Gombrowicz y Simon salieron a la calle y empezaron a caminar. Mientras en ellos persistía esa cosa mala quemada, las casas, las calles y el ruido los estaban llamando de todos lados. Era una verdadera carrera contra el tiempo, pensaba Gombrowicz, la hija no podía estar muriéndose eternamente, eso se tenía que terminar de una u otra manera y Simón lo dejaría en paz.
Mientras caminaban vieron un vendedor de frutas: –Manzanas, por favor; –¿Quiere un kilo?; –A este señor le ha pasado una desgracia, tiene una hijita de cuatro años que se está muriendo; –¿Qué dice usted? ¡Qué desgracia!. Gombrowicz estaba perturbado: –¡Quédese con sus manzanas, al diablo con ellas! Y se echó a andar como poseído por el demonio, Simón y su hijita iban detrás. Con el secreto traicionado empezaron a marchar.
Las calles, las casas y los ruidos, y ellos caminaban, pero el grito dirigido al vendedor de frutas que había hecho público el horror de la hijita quemada, también caminaba con ellos.
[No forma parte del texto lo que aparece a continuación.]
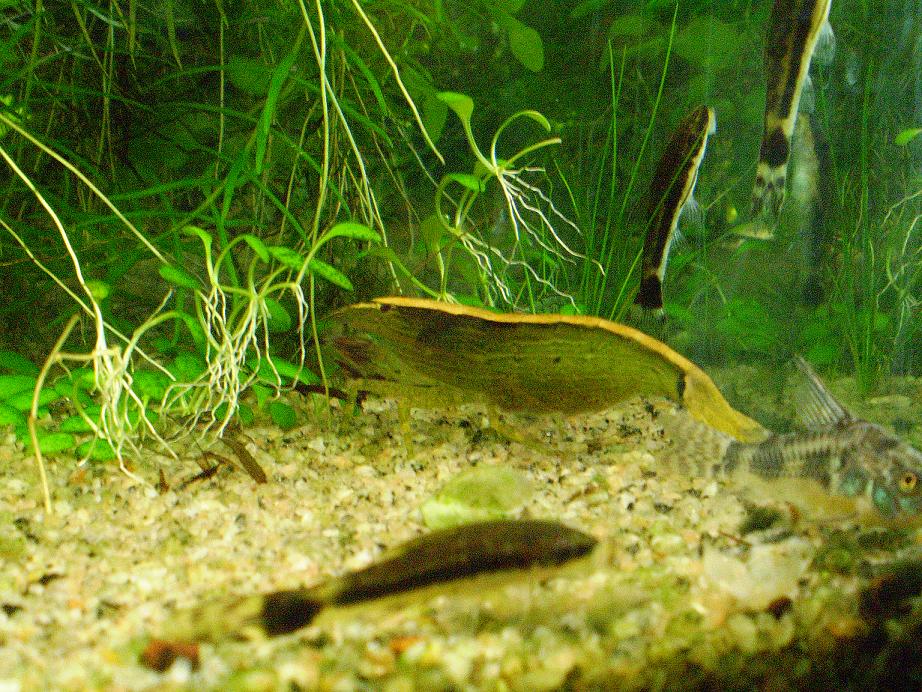 Нет, шкурок не было т.к. я тщательно сифонила все дно перед высакой новых растений....Нус, буду ждать когда подростут и перестанут прятаться  . Еще хочу со временем банановых купить,таких как у вас  ...

El ladrido de un perro se había mezclado con ese grito, y el grito se había animalizado. Juntos caminaban ahora con esa bestia al lado, calles, casas y ruidos, caminaban por Florida hendiendo el gentío a empujones.
Un señor se acerca y les pregunta en forma cortés por la calle Corrientes. Ni Simón ni Gombrowicz le contestan, es una negación bajo un sol claro, que resulta oscura, negra y sorda. Y caminaban como poseídos por la furia, un grito llegado de no se sabe donde se unió al grito de Gombrowicz, resucitó el ladrido del perro, esa bestia daba otra vez unas señales de vida para las que no tenían respuesta.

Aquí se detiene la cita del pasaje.